● **What the exercise asks**: Line by line, repeat the data below exactly, beginning at the first line and ending at the line with "Figure 5 shows". Omit pictures.

● **Exercise input**:
=== Begin Enclosure ===
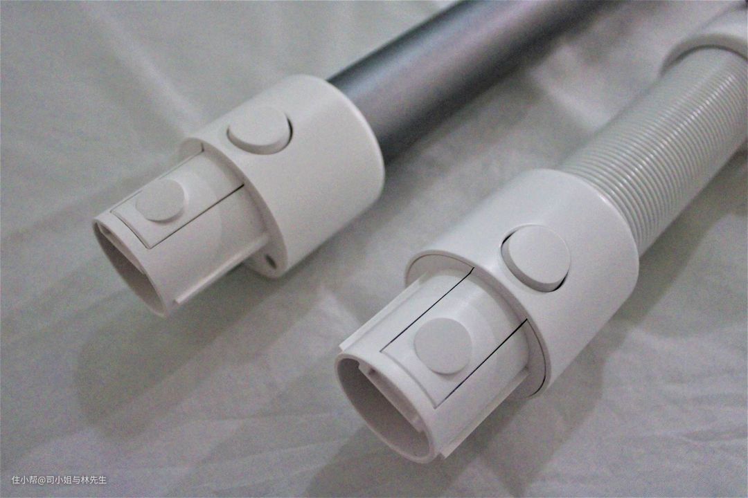 ▲较长的连接杆是金属材质,灰色蛮有质感的。另一根延伸软管在清洁死角的时候,更加灵活好用。
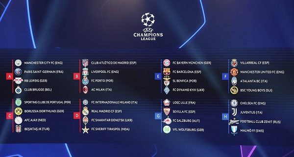 Results of the Champions League group stage draw:
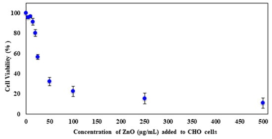 Figure 5 shows the percent viability curve from 0–500 µg/mL ZnO after cell incubation in the presence of different amounts of nanoparticle for 24 h at 37 °C with 5% CO
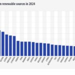 La quota rinnovabile nel 2024 ha raggiunto il 25,2%, rispetto al 9,6% del 2004, con un incremento di 0,7 punti percentuali rispetto al 2023. L’Italia in questa classifica si attesta sotto la media europea con circa il 20% di consumi coperti da fonti rinnovabili.
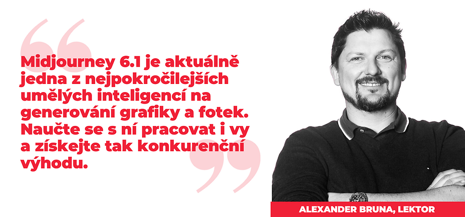 Společně s Alexem Brunou, expertem na generativní umělou inteligenci v marketingu a spoluzakladatelem agentury Ydeal, jsme pro vás připravili praktický webinář, na kterém se zaměříme na využití nejnovější verze Midjourney v6.1 a prozkoumáme její všechna zákoutí a pokročilá nastavení. Dozvíte se konkrétní ověřené prompty a to, jak vytvářet prompty vlastní. Teoretické základy doplníme o celou řadu příkladů a ukázek z reálné praxe, které přiblíží rozsáhlé možnosti tohoto AI nástroje.
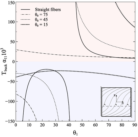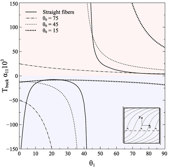 The curves of Figure 8 highlight the effect of steering the fibers. One can note that the region of instability due to heating tends to shift on the upper-right part of the plot as is reduced. Indeed, resistance against thermal heating is provided by longitudinally directed fibers. On the contrary, the effect of progressively rotating the center plate fibers along the longitudinal direction is that of shifting the cooling stability region to the bottom left of the plot: the matrix-dominated behaviour, at least in the central part of the plate, has the effect of improving the resistance to cooling. It is interesting to highlight that, for some range of values, buckling is possible both for heating and cooling, for temperatures that may reasonably be retained in the field of material linear response. For instance, when is equal to 75 and is 0, positive and negative critical non-dimensional temperatures are possible with absolute values of 24.74 and 50.68, respectively. The co-existence of positive and negative buckling multipliers is not possible for straight-fiber configurations, where the uniform pre-buckling condition is strictly compressive or tensile. The outlined response is thus peculiar of variable-stiffness plates, where the variability of the internal pre-buckling forces allows for the presence of non-uniform membrane force resultants with compressive and tensile regions. With similar motivations, one can observe that thermal buckling due to heating is always possible for the configurations with equal to 75, irrespective of the values of the fiber orientation at the edge .
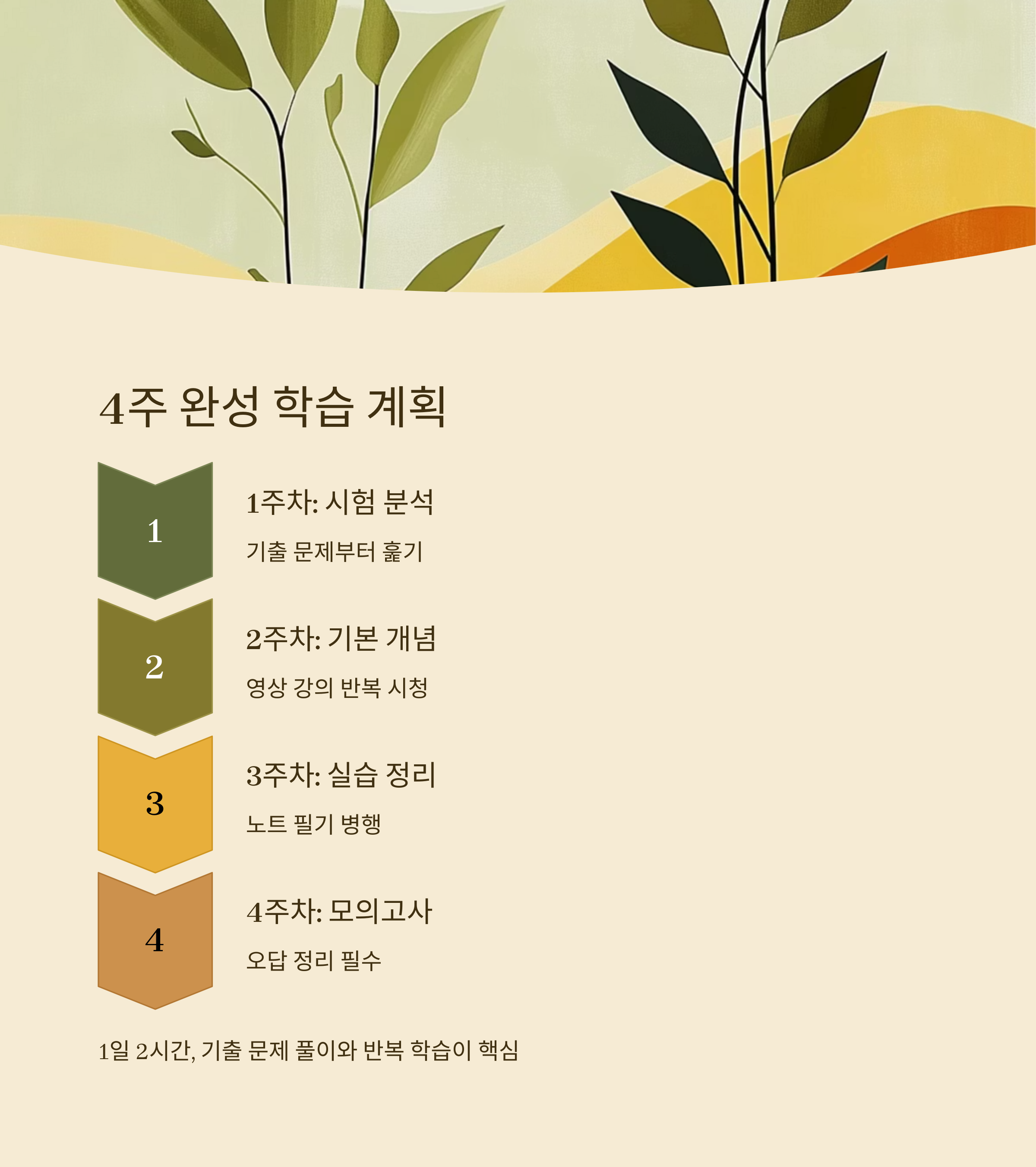 | 4주차 | 모의고사 풀기, 약점 보완 | 오답 정리 필수 |
=== End Enclosure ===
● **Worked solution**:
 ▲较长的连接杆是金属材质,灰色蛮有质感的。另一根延伸软管在清洁死角的时候,更加灵活好用。
 Results of the Champions League group stage draw:
 Figure 5 shows the percent viability curve from 0–500 µg/mL ZnO after cell incubation in the presence of different amounts of nanoparticle for 24 h at 37 °C with 5% CO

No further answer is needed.